# Mein Headset Mod dt770 Pro + Mic



## bassmantommy (23. Februar 2014)

Hier mal Bilder von meinem Headset Mod

Materialien:

[url=http://www.conrad.de/ce/de/product/881258/Hama-Notebook-VoIP-Mikrofon/?ref=home&rt=home&rb=1]Hama Notebook VoIP-Mikrofon im Conrad Online Shop | 881258
SpeaKa Klinke Verlängerungskabel Klinkenstecker 3.5 mm / Klinkenbuchse 3.5 mm Schwarz 2 m im Conrad Online Shop | 325094
dazu noch ein bisschen stabilen Faden oder auch kleine Kabelbinder
Man kann den Schaumstoff abnehmen um zu gucken wo sich die Löcher des Mikrofonmembrans befinden. Wie man auf dem einen Foto sieht habe ich die Stelle mit einem Edding gekennzeichnet.
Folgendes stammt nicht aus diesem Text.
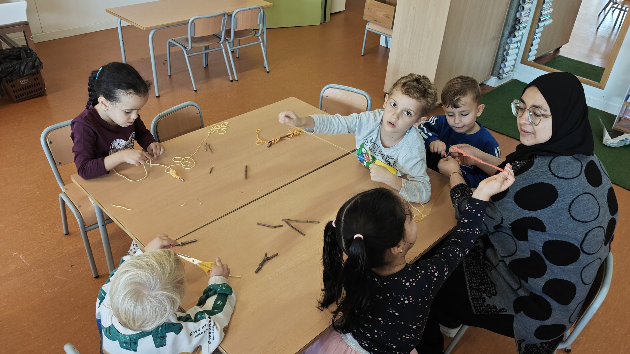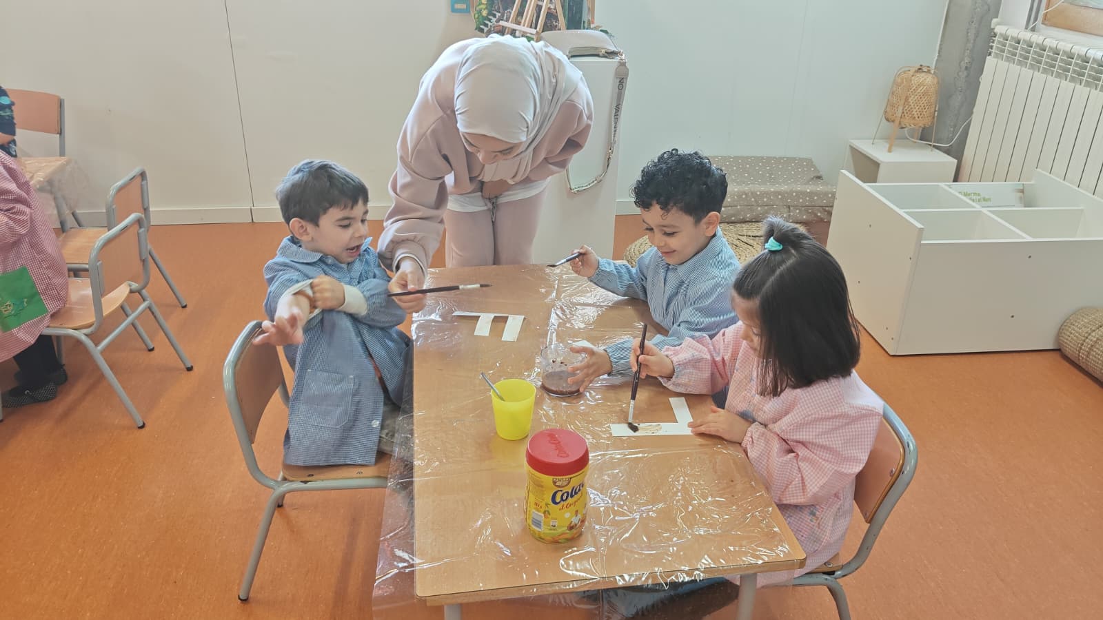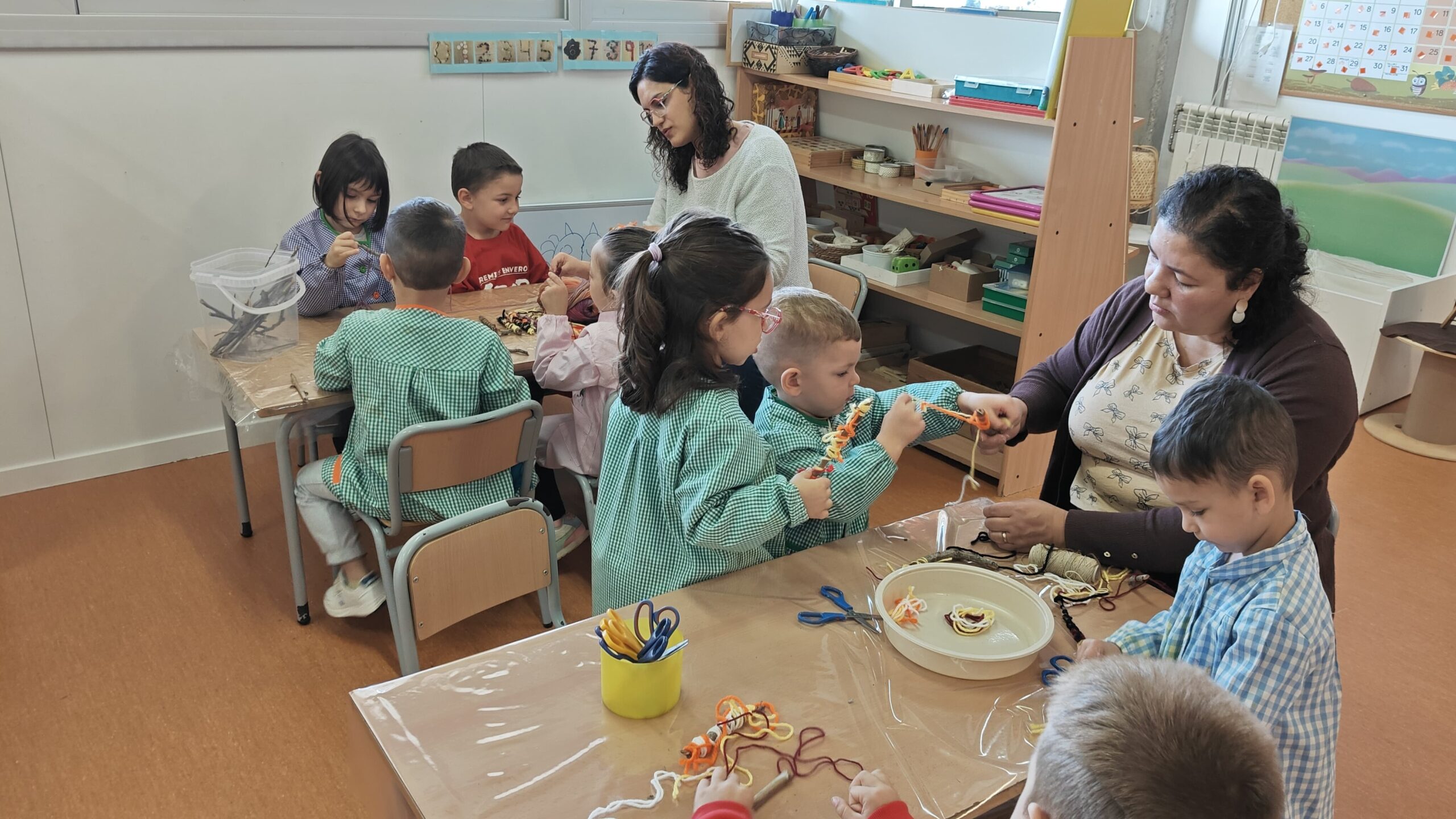 Els tallers van ser pensats i dissenyats per l’equip docent d’Educació Infantil. Es van pintar pinyes, es van guarnir branquetes i pals de fusta amb llanes de colors i també amb pintura, es van pintar lletres i banderoles amb cúrcuma i amb cacao diluïts en aigua; també van estampar formes sobre fulles de diferents tipus.

Angeschlossen ist das gute Teil an einer Asus Xonar U7
Die Tonqualität des Microfons ist sehr gut, laut den Kameraden im TS.
Durch den starken Faden sitzt das alles bombenfest. Ich bin begeistert!


----------



## Jeanboy (23. Februar 2014)

Perfekt, sieht gut aus 

Habe ich hier auch schon öfters empfohlen, danke für deine Rückmeldung


----------



## Darkseth (2. März 2014)

Das Mikro ist interessant. Kannst du was zur Sprachqualität sagen? Evtl, wenn es so 50cm weit entfernt steht?
(Idealerweise verglichen zum Zalman Mic1, falls du das hast^^)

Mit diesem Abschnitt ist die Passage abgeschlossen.